*EXERCISE OBJECTIVE*
Reproduce the listing in full, exactly as written, but without images.

*SUPPLIED MATERIAL*
• • • • • • •

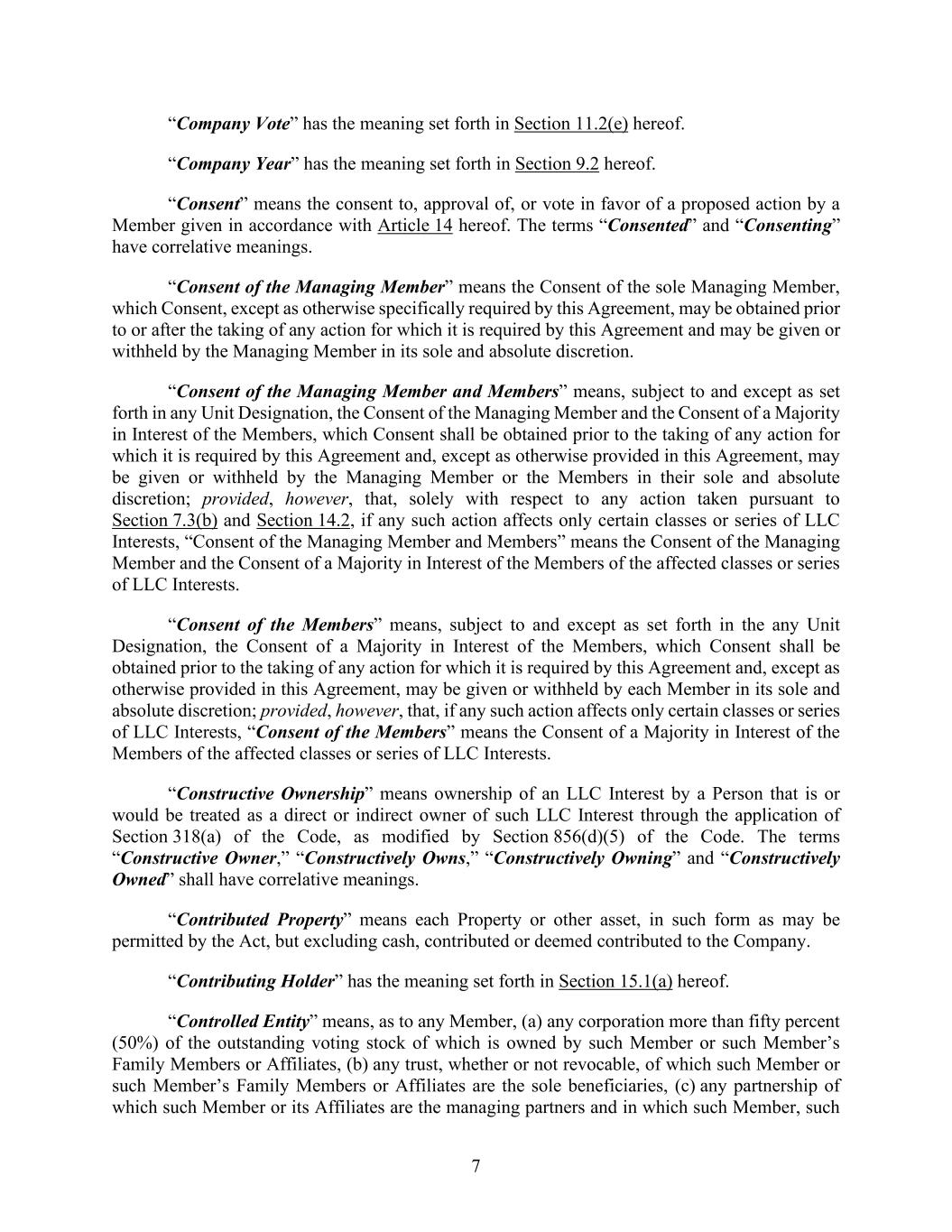 7 “Company Vote” has the meaning set forth in Section 11.2(e) hereof. “Company Year” has the meaning set forth in Section 9.2 hereof. “Consent” means the consent to, approval of, or vote in favor of a proposed action by a Member given in accordance with Article 14 hereof. The terms “Consented” and “Consenting” have correlative meanings. “Consent of the Managing Member” means the Consent of the sole Managing Member, which Consent, except as otherwise specifically required by this Agreement, may be obtained prior to or after the taking of any action for which it is required by this Agreement and may be given or withheld by the Managing Member in its sole and absolute discretion. “Consent of the Managing Member and Members” means, subject to and except as set forth in any Unit Designation, the Consent of the Managing Member and the Consent of a Majority in Interest of the Members, which Consent shall be obtained prior to the taking of any action for which it is required by this Agreement and, except as otherwise provided in this Agreement, may be given or withheld by the Managing Member or the Members in their sole and absolute discretion; provided, however, that, solely with respect to any action taken pursuant to Section 7.3(b) and Section 14.2, if any such action affects only certain classes or series of LLC Interests, “Consent of the Managing Member and Members” means the Consent of the Managing Member and the Consent of a Majority in Interest of the Members of the affected classes or series of LLC Interests. “Consent of the Members” means, subject to and except as set forth in the any Unit Designation, the Consent of a Majority in Interest of the Members, which Consent shall be obtained prior to the taking of any action for which it is required by this Agreement and, except as otherwise provided in this Agreement, may be given or withheld by each Member in its sole and absolute discretion; provided, however, that, if any such action affects only certain classes or series of LLC Interests, “Consent of the Members” means the Consent of a Majority in Interest of the Members of the affected classes or series of LLC Interests. “Constructive Ownership” means ownership of an LLC Interest by a Person that is or would be treated as a direct or indirect owner of such LLC Interest through the application of Section 318(a) of the Code, as modified by Section 856(d)(5) of the Code. The terms “Constructive Owner,” “Constructively Owns,” “Constructively Owning” and “Constructively Owned” shall have correlative meanings. “Contributed Property” means each Property or other asset, in such form as may be permitted by the Act, but excluding cash, contributed or deemed contributed to the Company. “Contributing Holder” has the meaning set forth in Section 15.1(a) hereof. “Controlled Entity” means, as to any Member, (a) any corporation more than fifty percent (50%) of the outstanding voting stock of which is owned by such Member or such Member’s Family Members or Affiliates, (b) any trust, whether or not revocable, of which such Member or such Member’s Family Members or Affiliates are the sole beneficiaries, (c) any partnership of which such Member or its Affiliates are the managing partners and in which such Member, such
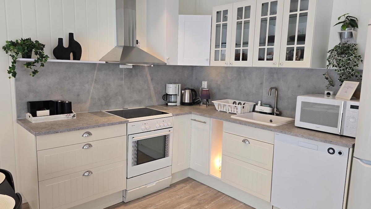 This is a newly renovated and airy mini-house with double bed, kitchen with dining area, wardrobe, bathroom and sleeping loft. There is free private parking on the premises. Centrally located with shops and public transport nearby. Short distance to the fjord with beach, restaurants and hiking areas. Good place also for families with older children/groups of up to four people, two of whom are mobile enough to use the stairs up to the sleeping loft. Private patio and access to lush garden in the summer months.
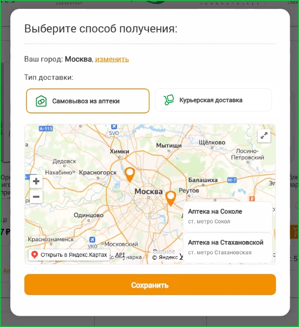 - "Самовывоз из аптеки" - выберите удобную для вас аптеку из списка или на карте;
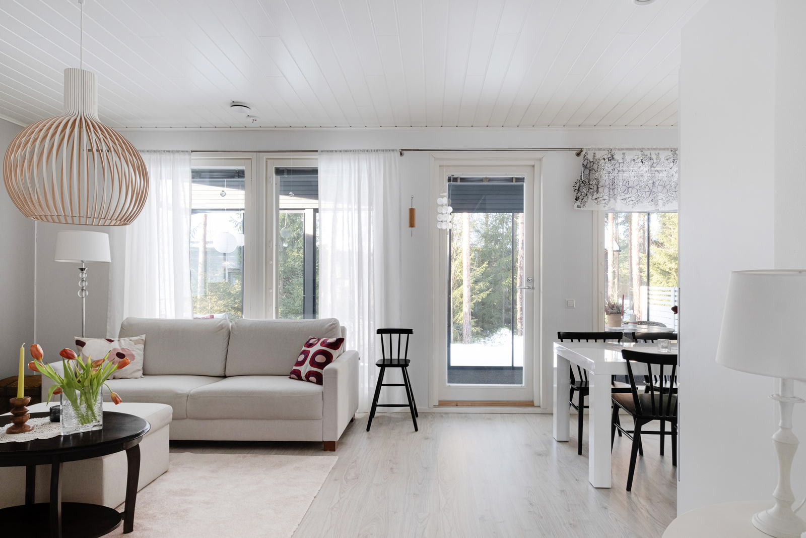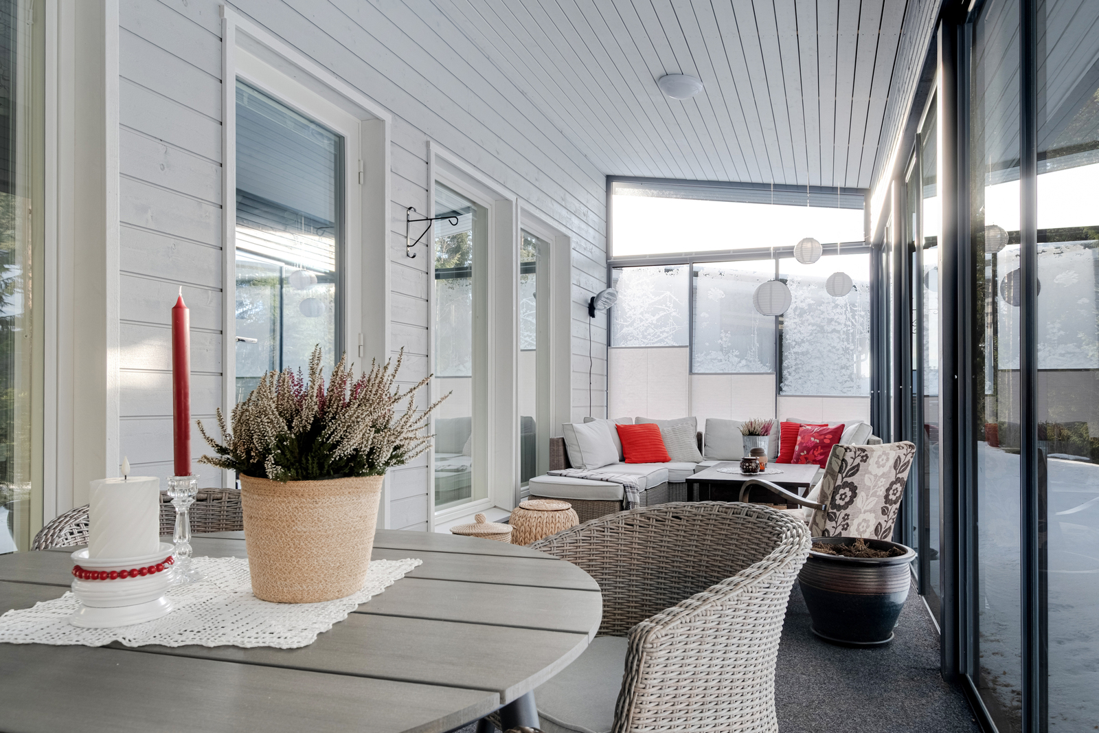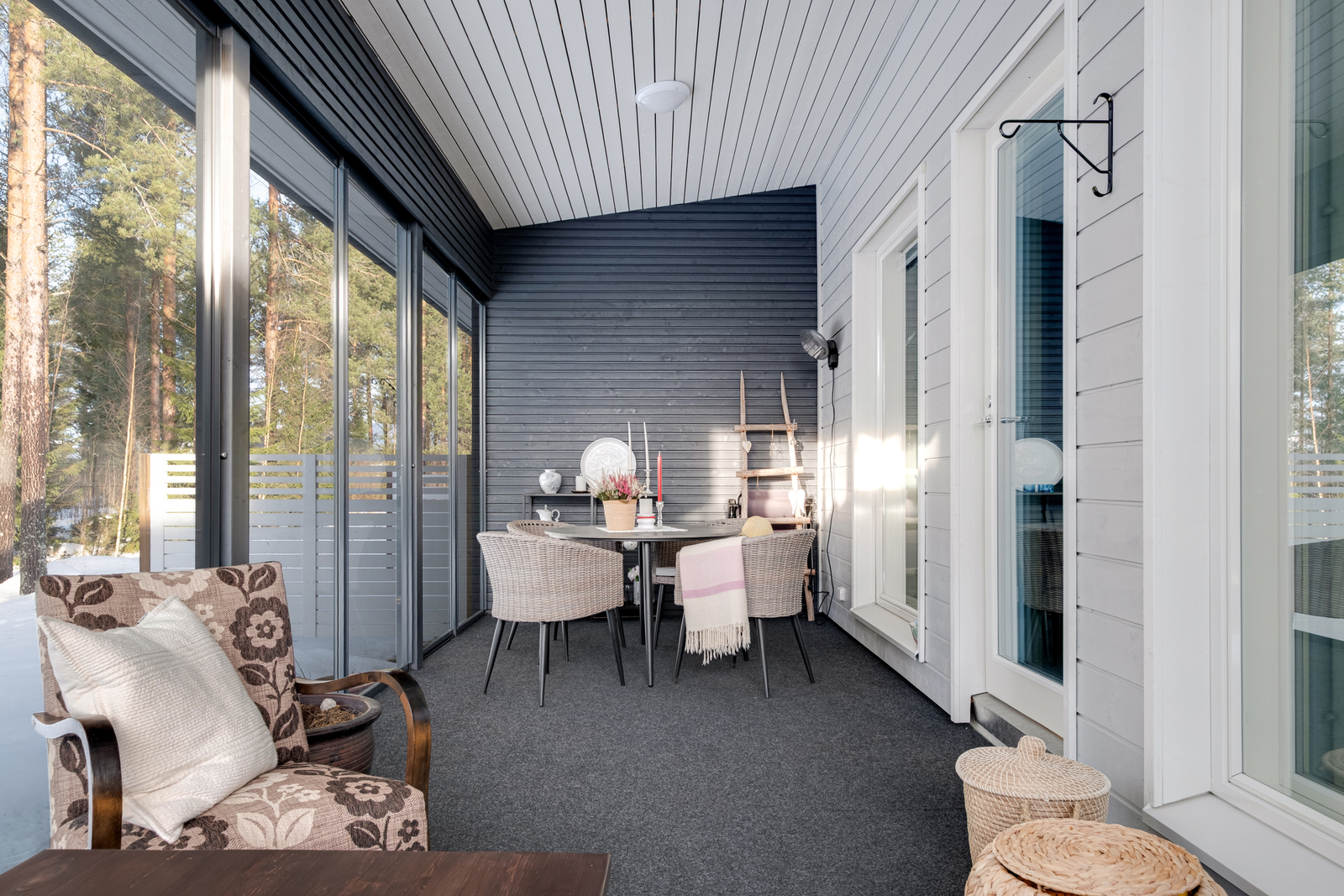 Bostaden har en funktionell och praktisk planlösning där vardagens behov har beaktats. Det ljusa vardagsrummet utgör hemmets hjärta och erbjuder gott om plats för umgänge. Från vardagsrummet finns utgång till den stora inglasade terrassen, som fungerar som ett utmärkt extra rum från tidig vår till långt in på hösten. Terrassen är en perfekt plats för avkoppling, sommarens måltider eller trevliga stunder med vänner.

• • • • • • •

*ANSWER FOR THE TASK*
 7 “Company Vote” has the meaning set forth in Section 11.2(e) hereof. “Company Year” has the meaning set forth in Section 9.2 hereof. “Consent” means the consent to, approval of, or vote in favor of a proposed action by a Member given in accordance with Article 14 hereof. The terms “Consented” and “Consenting” have correlative meanings. “Consent of the Managing Member” means the Consent of the sole Managing Member, which Consent, except as otherwise specifically required by this Agreement, may be obtained prior to or after the taking of any action for which it is required by this Agreement and may be given or withheld by the Managing Member in its sole and absolute discretion. “Consent of the Managing Member and Members” means, subject to and except as set forth in any Unit Designation, the Consent of the Managing Member and the Consent of a Majority in Interest of the Members, which Consent shall be obtained prior to the taking of any action for which it is required by this Agreement and, except as otherwise provided in this Agreement, may be given or withheld by the Managing Member or the Members in their sole and absolute discretion; provided, however, that, solely with respect to any action taken pursuant to Section 7.3(b) and Section 14.2, if any such action affects only certain classes or series of LLC Interests, “Consent of the Managing Member and Members” means the Consent of the Managing Member and the Consent of a Majority in Interest of the Members of the affected classes or series of LLC Interests. “Consent of the Members” means, subject to and except as set forth in the any Unit Designation, the Consent of a Majority in Interest of the Members, which Consent shall be obtained prior to the taking of any action for which it is required by this Agreement and, except as otherwise provided in this Agreement, may be given or withheld by each Member in its sole and absolute discretion; provided, however, that, if any such action affects only certain classes or series of LLC Interests, “Consent of the Members” means the Consent of a Majority in Interest of the Members of the affected classes or series of LLC Interests. “Constructive Ownership” means ownership of an LLC Interest by a Person that is or would be treated as a direct or indirect owner of such LLC Interest through the application of Section 318(a) of the Code, as modified by Section 856(d)(5) of the Code. The terms “Constructive Owner,” “Constructively Owns,” “Constructively Owning” and “Constructively Owned” shall have correlative meanings. “Contributed Property” means each Property or other asset, in such form as may be permitted by the Act, but excluding cash, contributed or deemed contributed to the Company. “Contributing Holder” has the meaning set forth in Section 15.1(a) hereof. “Controlled Entity” means, as to any Member, (a) any corporation more than fifty percent (50%) of the outstanding voting stock of which is owned by such Member or such Member’s Family Members or Affiliates, (b) any trust, whether or not revocable, of which such Member or such Member’s Family Members or Affiliates are the sole beneficiaries, (c) any partnership of which such Member or its Affiliates are the managing partners and in which such Member, such
 This is a newly renovated and airy mini-house with double bed, kitchen with dining area, wardrobe, bathroom and sleeping loft. There is free private parking on the premises. Centrally located with shops and public transport nearby. Short distance to the fjord with beach, restaurants and hiking areas. Good place also for families with older children/groups of up to four people, two of whom are mobile enough to use the stairs up to the sleeping loft. Private patio and access to lush garden in the summer months.
 - "Самовывоз из аптеки" - выберите удобную для вас аптеку из списка или на карте;
 Bostaden har en funktionell och praktisk planlösning där vardagens behov har beaktats. Det ljusa vardagsrummet utgör hemmets hjärta och erbjuder gott om plats för umgänge. Från vardagsrummet finns utgång till den stora inglasade terrassen, som fungerar som ett utmärkt extra rum från tidig vår till långt in på hösten. Terrassen är en perfekt plats för avkoppling, sommarens måltider eller trevliga stunder med vänner.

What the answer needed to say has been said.